Your assignment
From the data that follows, set down exactly the lines from the one with "Spread across multiple" through the one with "Das Fairmont Mara", counting both. Pictures stay out.

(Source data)
________

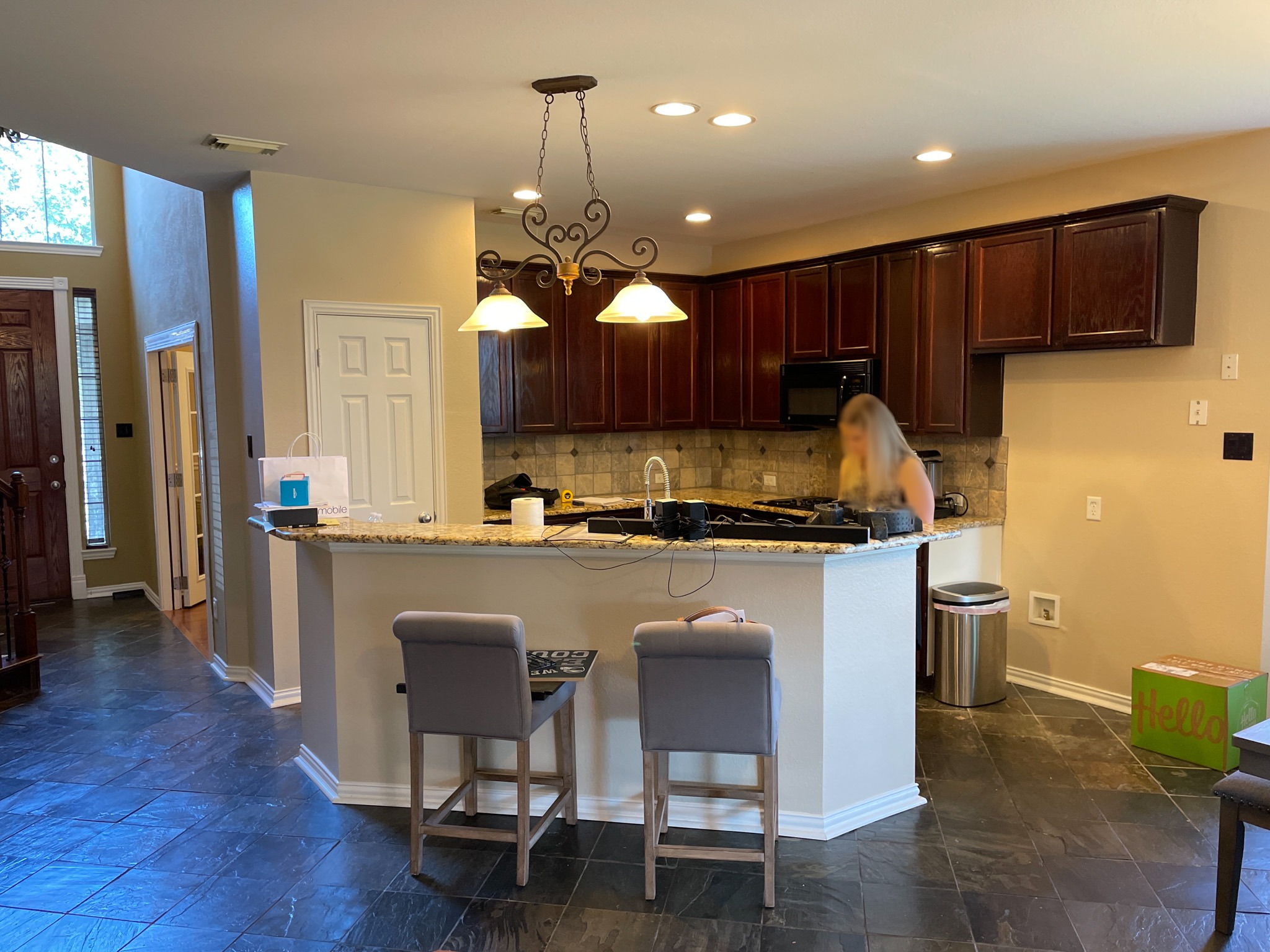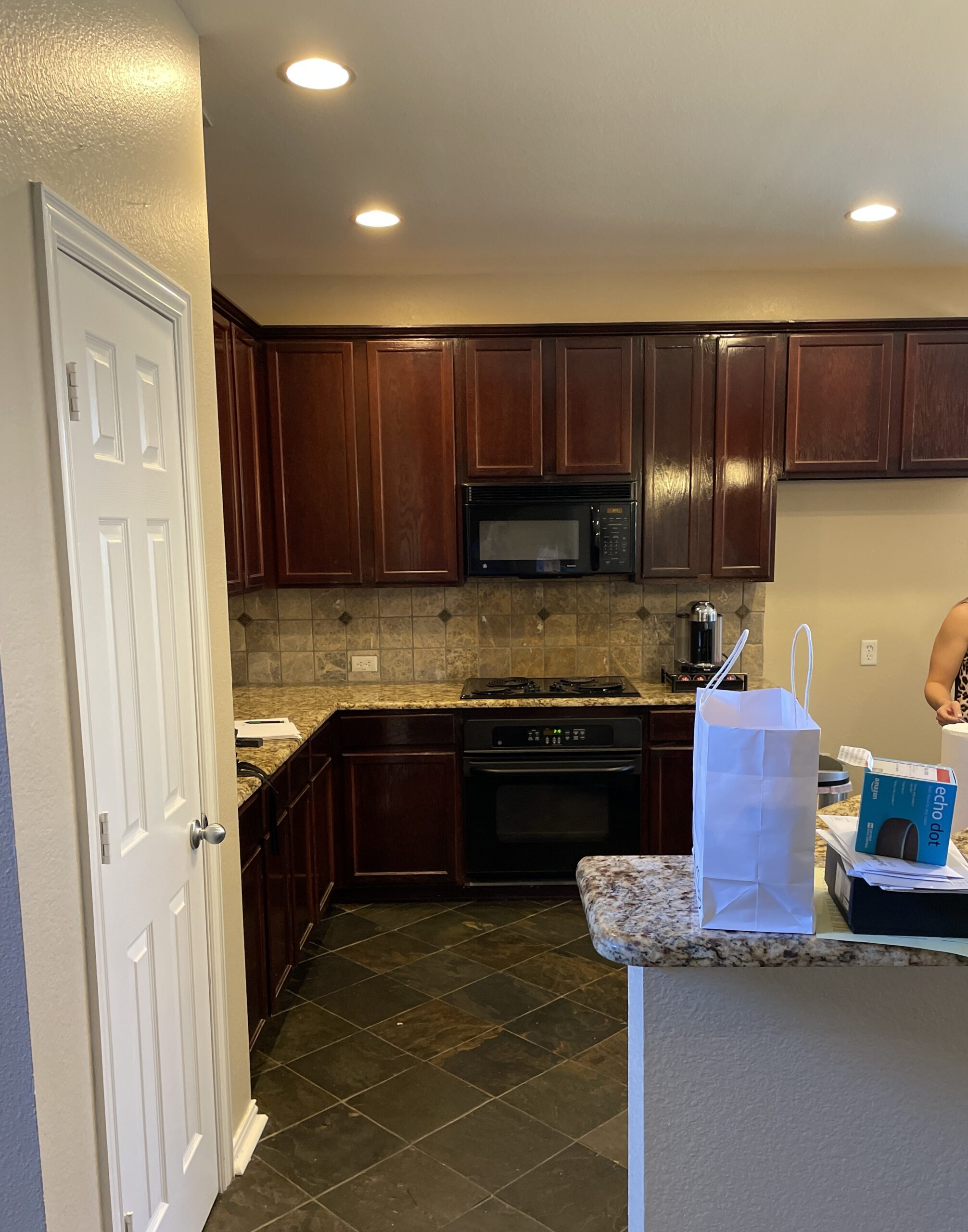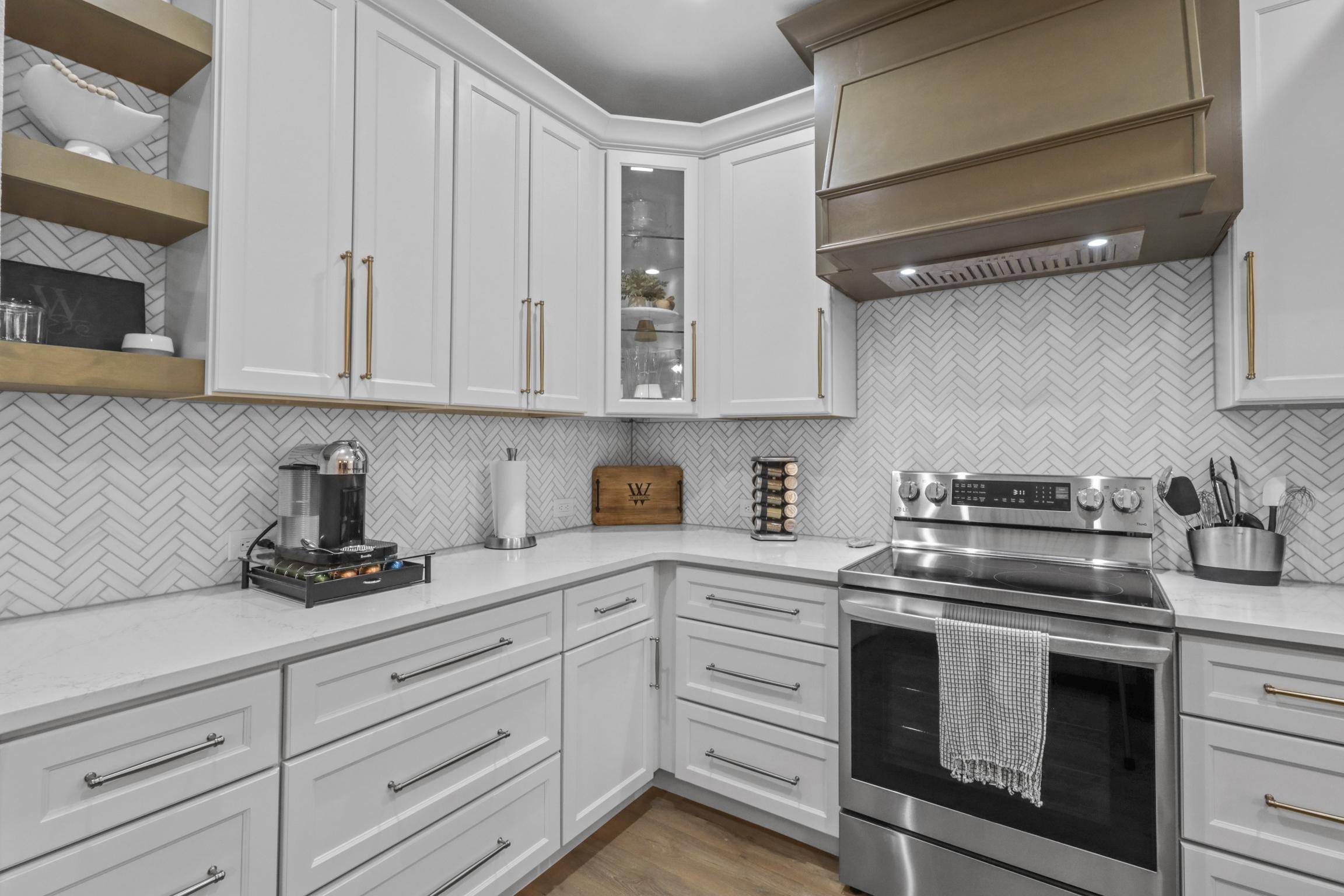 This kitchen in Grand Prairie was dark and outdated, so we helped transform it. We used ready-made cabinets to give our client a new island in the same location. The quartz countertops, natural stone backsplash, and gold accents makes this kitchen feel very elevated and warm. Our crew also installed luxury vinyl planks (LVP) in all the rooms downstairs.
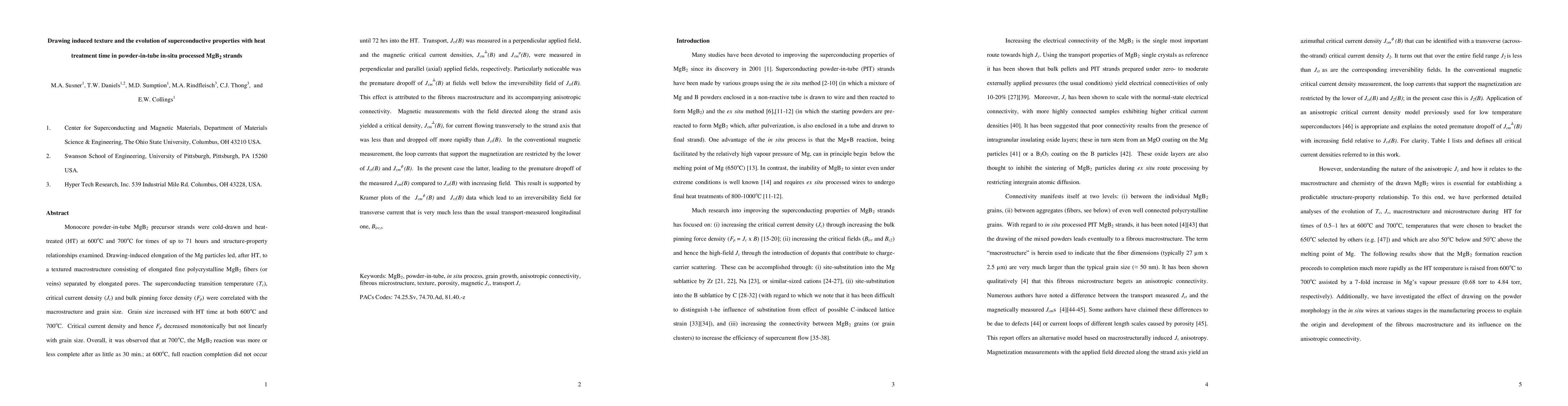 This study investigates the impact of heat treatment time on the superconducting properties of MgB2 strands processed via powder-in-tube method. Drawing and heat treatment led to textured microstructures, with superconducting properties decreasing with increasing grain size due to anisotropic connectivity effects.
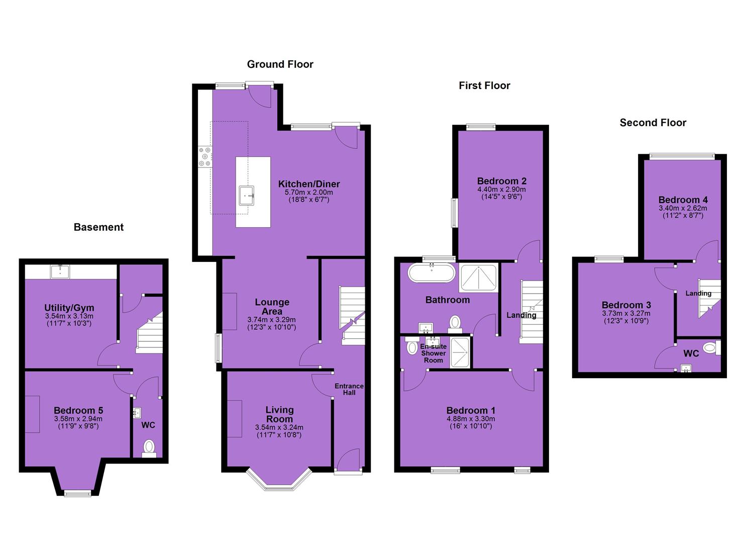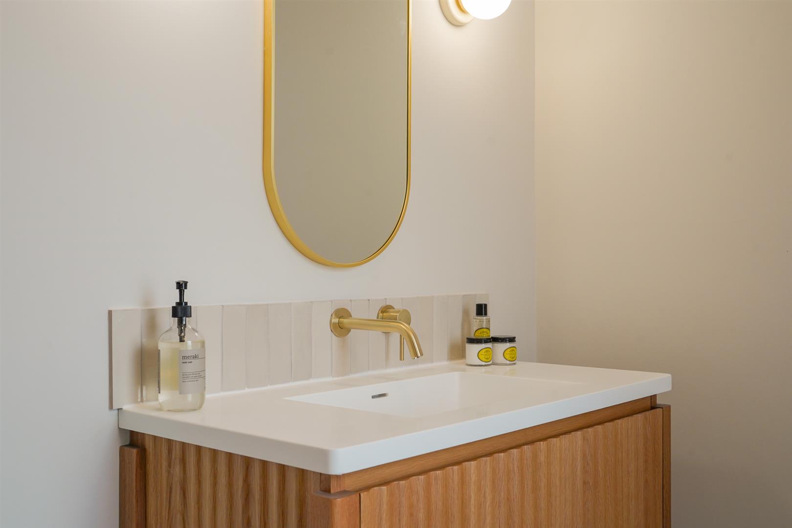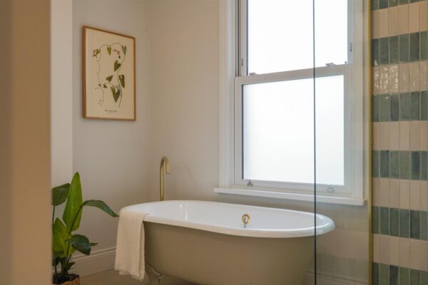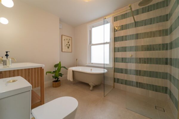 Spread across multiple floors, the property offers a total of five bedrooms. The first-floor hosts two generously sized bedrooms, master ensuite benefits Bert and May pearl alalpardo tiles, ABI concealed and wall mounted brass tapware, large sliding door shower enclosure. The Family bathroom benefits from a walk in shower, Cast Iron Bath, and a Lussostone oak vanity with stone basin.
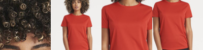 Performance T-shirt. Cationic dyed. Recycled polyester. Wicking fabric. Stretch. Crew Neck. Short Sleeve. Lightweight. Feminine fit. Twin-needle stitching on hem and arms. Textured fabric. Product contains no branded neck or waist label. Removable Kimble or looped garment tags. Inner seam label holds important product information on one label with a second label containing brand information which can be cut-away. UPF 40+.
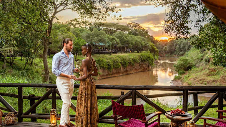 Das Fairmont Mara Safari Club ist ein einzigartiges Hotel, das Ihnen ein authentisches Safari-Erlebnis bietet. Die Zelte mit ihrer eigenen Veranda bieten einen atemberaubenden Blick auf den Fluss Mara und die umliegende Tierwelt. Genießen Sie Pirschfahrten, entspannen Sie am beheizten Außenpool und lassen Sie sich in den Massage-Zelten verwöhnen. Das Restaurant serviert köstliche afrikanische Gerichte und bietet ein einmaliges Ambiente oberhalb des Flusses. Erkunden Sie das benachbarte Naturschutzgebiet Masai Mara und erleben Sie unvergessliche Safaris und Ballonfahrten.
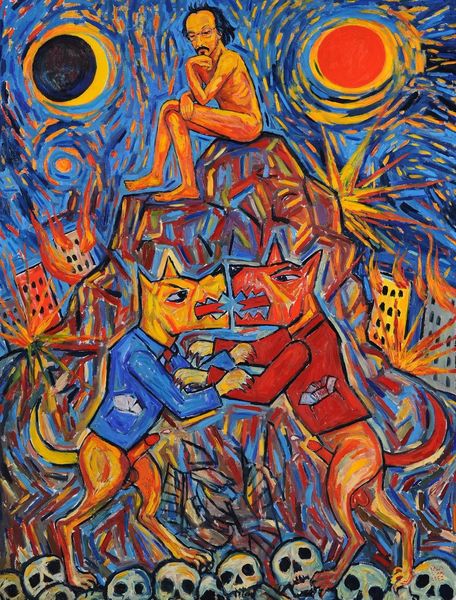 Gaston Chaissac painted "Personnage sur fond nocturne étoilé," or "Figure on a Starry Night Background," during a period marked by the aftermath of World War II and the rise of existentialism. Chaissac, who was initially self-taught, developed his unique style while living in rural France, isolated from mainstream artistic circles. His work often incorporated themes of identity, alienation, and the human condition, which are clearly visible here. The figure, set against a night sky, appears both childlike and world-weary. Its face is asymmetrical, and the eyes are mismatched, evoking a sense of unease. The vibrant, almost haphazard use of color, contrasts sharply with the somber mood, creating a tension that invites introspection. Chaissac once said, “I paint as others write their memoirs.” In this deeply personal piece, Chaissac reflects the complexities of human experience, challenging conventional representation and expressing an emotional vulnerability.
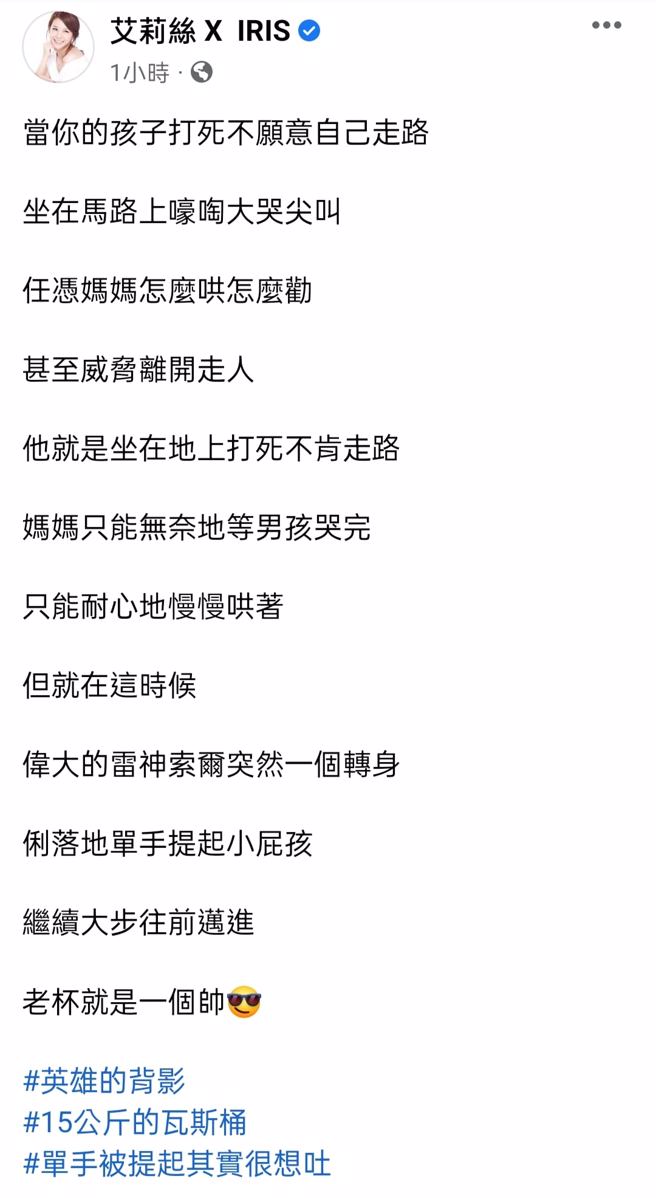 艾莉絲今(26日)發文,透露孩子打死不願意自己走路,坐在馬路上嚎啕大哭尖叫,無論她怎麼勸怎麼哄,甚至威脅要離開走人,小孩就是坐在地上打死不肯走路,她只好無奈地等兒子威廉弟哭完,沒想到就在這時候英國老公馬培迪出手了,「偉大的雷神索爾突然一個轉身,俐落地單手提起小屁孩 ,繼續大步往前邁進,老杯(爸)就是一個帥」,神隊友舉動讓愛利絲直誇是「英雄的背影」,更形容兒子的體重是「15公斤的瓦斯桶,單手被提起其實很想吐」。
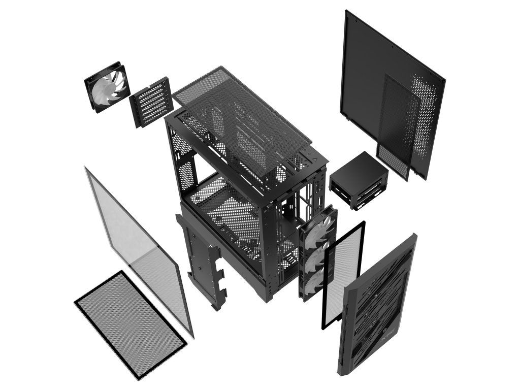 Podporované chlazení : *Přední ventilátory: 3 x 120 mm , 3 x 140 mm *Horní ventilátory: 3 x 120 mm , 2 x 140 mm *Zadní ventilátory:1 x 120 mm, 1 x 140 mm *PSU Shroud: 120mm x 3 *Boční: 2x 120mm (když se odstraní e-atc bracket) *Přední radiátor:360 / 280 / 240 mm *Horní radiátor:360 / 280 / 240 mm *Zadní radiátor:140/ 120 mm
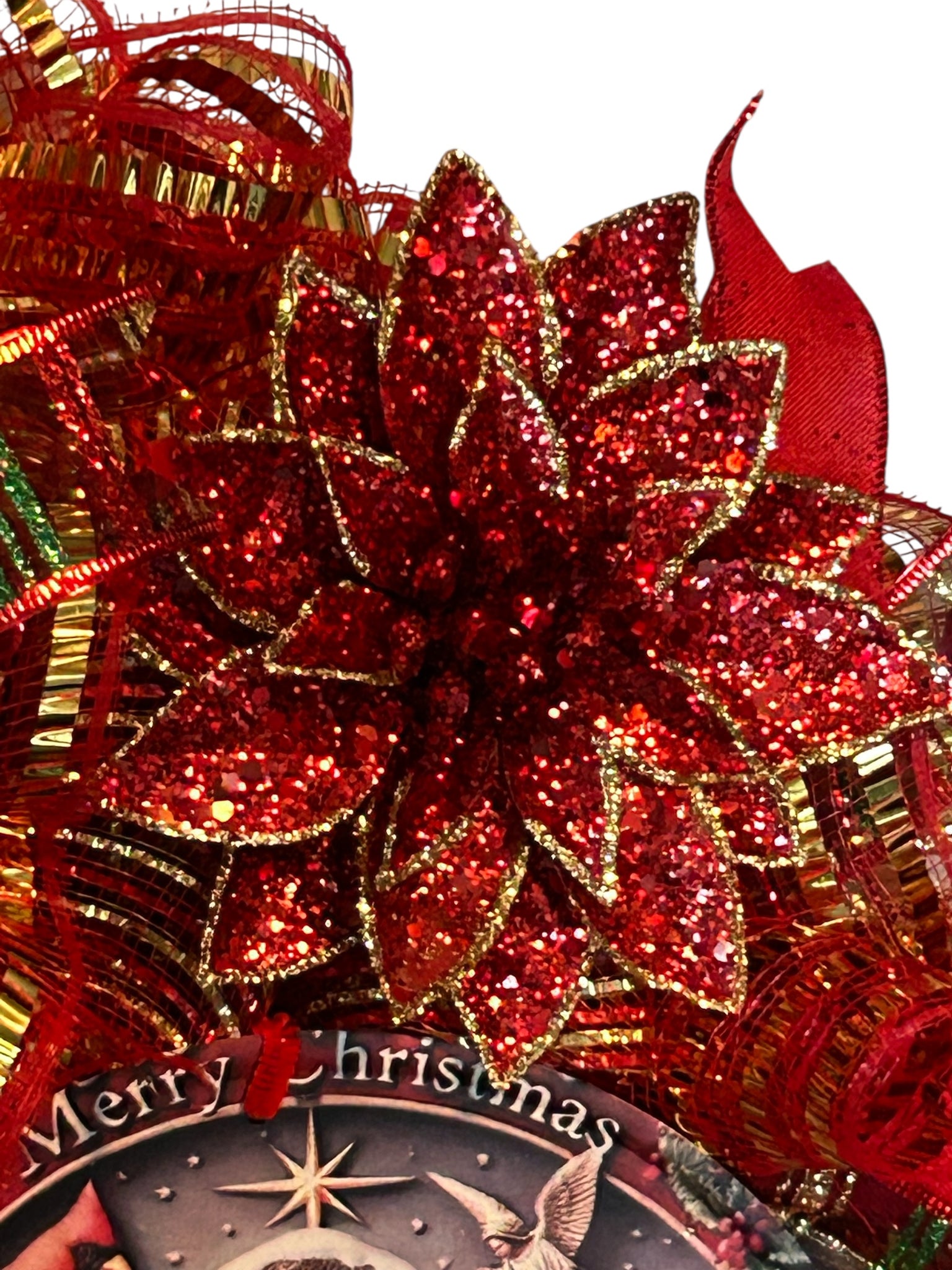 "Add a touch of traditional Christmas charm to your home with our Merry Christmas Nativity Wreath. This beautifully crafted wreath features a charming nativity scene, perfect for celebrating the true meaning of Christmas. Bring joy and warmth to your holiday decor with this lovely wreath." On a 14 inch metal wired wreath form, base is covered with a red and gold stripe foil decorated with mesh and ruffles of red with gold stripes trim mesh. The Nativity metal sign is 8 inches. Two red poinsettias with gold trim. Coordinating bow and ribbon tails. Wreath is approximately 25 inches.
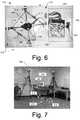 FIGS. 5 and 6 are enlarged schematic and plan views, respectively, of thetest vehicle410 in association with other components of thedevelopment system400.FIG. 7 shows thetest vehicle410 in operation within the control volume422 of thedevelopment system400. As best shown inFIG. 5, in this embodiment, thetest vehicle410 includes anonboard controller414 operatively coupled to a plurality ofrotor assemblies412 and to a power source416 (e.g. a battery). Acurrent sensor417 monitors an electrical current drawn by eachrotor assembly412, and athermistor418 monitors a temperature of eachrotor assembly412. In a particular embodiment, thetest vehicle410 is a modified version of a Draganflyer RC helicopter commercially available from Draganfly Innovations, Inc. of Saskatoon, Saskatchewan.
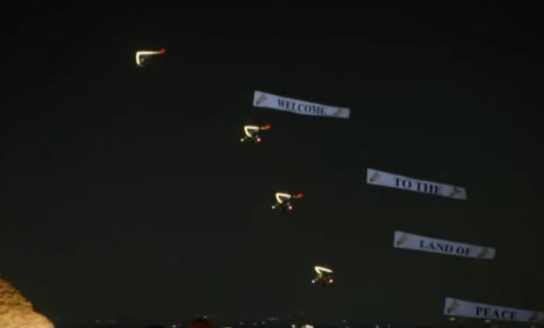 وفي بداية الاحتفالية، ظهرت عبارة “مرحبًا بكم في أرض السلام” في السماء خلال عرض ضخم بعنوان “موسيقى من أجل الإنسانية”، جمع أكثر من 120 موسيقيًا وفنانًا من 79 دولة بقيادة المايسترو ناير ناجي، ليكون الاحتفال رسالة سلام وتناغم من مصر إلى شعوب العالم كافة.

________

Answer area
 Spread across multiple floors, the property offers a total of five bedrooms. The first-floor hosts two generously sized bedrooms, master ensuite benefits Bert and May pearl alalpardo tiles, ABI concealed and wall mounted brass tapware, large sliding door shower enclosure. The Family bathroom benefits from a walk in shower, Cast Iron Bath, and a Lussostone oak vanity with stone basin.
 Performance T-shirt. Cationic dyed. Recycled polyester. Wicking fabric. Stretch. Crew Neck. Short Sleeve. Lightweight. Feminine fit. Twin-needle stitching on hem and arms. Textured fabric. Product contains no branded neck or waist label. Removable Kimble or looped garment tags. Inner seam label holds important product information on one label with a second label containing brand information which can be cut-away. UPF 40+.
 Das Fairmont Mara Safari Club ist ein einzigartiges Hotel, das Ihnen ein authentisches Safari-Erlebnis bietet. Die Zelte mit ihrer eigenen Veranda bieten einen atemberaubenden Blick auf den Fluss Mara und die umliegende Tierwelt. Genießen Sie Pirschfahrten, entspannen Sie am beheizten Außenpool und lassen Sie sich in den Massage-Zelten verwöhnen. Das Restaurant serviert köstliche afrikanische Gerichte und bietet ein einmaliges Ambiente oberhalb des Flusses. Erkunden Sie das benachbarte Naturschutzgebiet Masai Mara und erleben Sie unvergessliche Safaris und Ballonfahrten.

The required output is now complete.